**DIRECTIONS:**
Starting at the line below that contains "Neue Denim gesucht." and ending at the line that contains "国庆假期旅游数据陆续发布,第", retype each line exactly as it stands, but omit the pictures.

**RECORDS:**
★ ★ ★

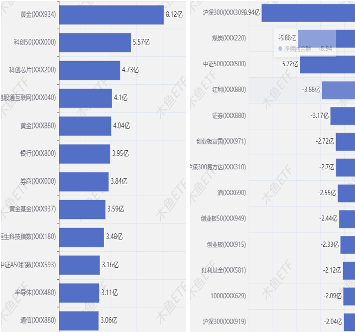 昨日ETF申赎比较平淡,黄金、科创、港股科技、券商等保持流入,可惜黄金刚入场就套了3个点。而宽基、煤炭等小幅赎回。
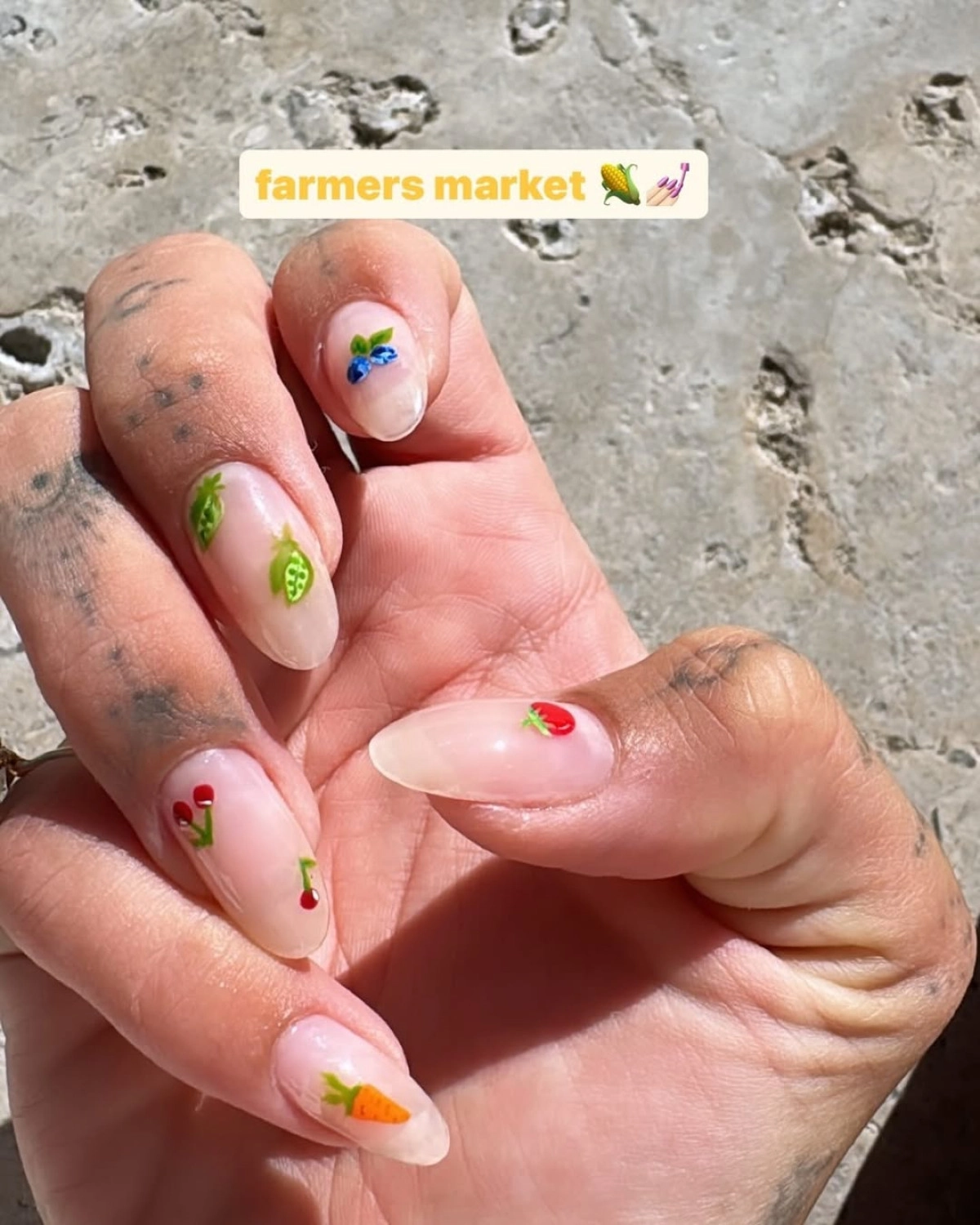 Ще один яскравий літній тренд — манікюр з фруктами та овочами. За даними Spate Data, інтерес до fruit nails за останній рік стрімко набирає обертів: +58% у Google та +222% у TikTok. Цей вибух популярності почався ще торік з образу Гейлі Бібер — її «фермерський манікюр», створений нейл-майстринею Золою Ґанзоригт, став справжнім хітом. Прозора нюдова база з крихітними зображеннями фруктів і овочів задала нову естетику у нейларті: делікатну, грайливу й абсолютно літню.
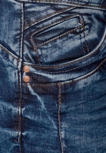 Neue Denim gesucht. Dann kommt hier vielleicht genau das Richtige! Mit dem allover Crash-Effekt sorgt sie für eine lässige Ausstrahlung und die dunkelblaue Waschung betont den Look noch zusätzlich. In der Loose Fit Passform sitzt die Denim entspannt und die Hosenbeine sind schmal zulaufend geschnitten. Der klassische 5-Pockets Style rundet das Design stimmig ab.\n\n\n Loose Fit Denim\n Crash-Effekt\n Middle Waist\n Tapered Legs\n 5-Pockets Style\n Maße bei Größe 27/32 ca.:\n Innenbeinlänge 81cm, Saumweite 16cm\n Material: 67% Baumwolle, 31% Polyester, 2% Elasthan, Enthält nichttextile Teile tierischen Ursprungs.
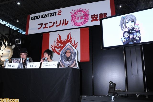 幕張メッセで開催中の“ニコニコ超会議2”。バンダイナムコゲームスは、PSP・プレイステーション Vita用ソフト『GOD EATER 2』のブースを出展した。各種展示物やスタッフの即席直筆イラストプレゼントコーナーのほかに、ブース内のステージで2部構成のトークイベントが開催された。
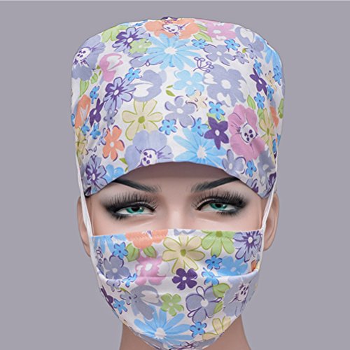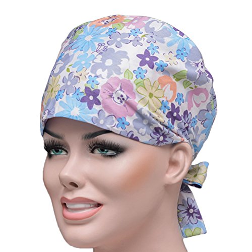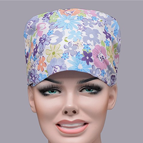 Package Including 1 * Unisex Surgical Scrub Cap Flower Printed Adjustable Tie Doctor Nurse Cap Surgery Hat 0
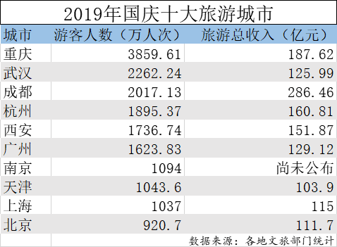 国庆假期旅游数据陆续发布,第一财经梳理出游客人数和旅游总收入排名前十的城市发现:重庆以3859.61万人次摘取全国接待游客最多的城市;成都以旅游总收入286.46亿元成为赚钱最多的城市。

★ ★ ★

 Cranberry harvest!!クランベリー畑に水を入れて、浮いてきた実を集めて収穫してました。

★ ★ ★

**SOLUTION TO THIS TASK:**
 Neue Denim gesucht. Dann kommt hier vielleicht genau das Richtige! Mit dem allover Crash-Effekt sorgt sie für eine lässige Ausstrahlung und die dunkelblaue Waschung betont den Look noch zusätzlich. In der Loose Fit Passform sitzt die Denim entspannt und die Hosenbeine sind schmal zulaufend geschnitten. Der klassische 5-Pockets Style rundet das Design stimmig ab.\n\n\n Loose Fit Denim\n Crash-Effekt\n Middle Waist\n Tapered Legs\n 5-Pockets Style\n Maße bei Größe 27/32 ca.:\n Innenbeinlänge 81cm, Saumweite 16cm\n Material: 67% Baumwolle, 31% Polyester, 2% Elasthan, Enthält nichttextile Teile tierischen Ursprungs.
 幕張メッセで開催中の“ニコニコ超会議2”。バンダイナムコゲームスは、PSP・プレイステーション Vita用ソフト『GOD EATER 2』のブースを出展した。各種展示物やスタッフの即席直筆イラストプレゼントコーナーのほかに、ブース内のステージで2部構成のトークイベントが開催された。
 Package Including 1 * Unisex Surgical Scrub Cap Flower Printed Adjustable Tie Doctor Nurse Cap Surgery Hat 0
 国庆假期旅游数据陆续发布,第一财经梳理出游客人数和旅游总收入排名前十的城市发现:重庆以3859.61万人次摘取全国接待游客最多的城市;成都以旅游总收入286.46亿元成为赚钱最多的城市。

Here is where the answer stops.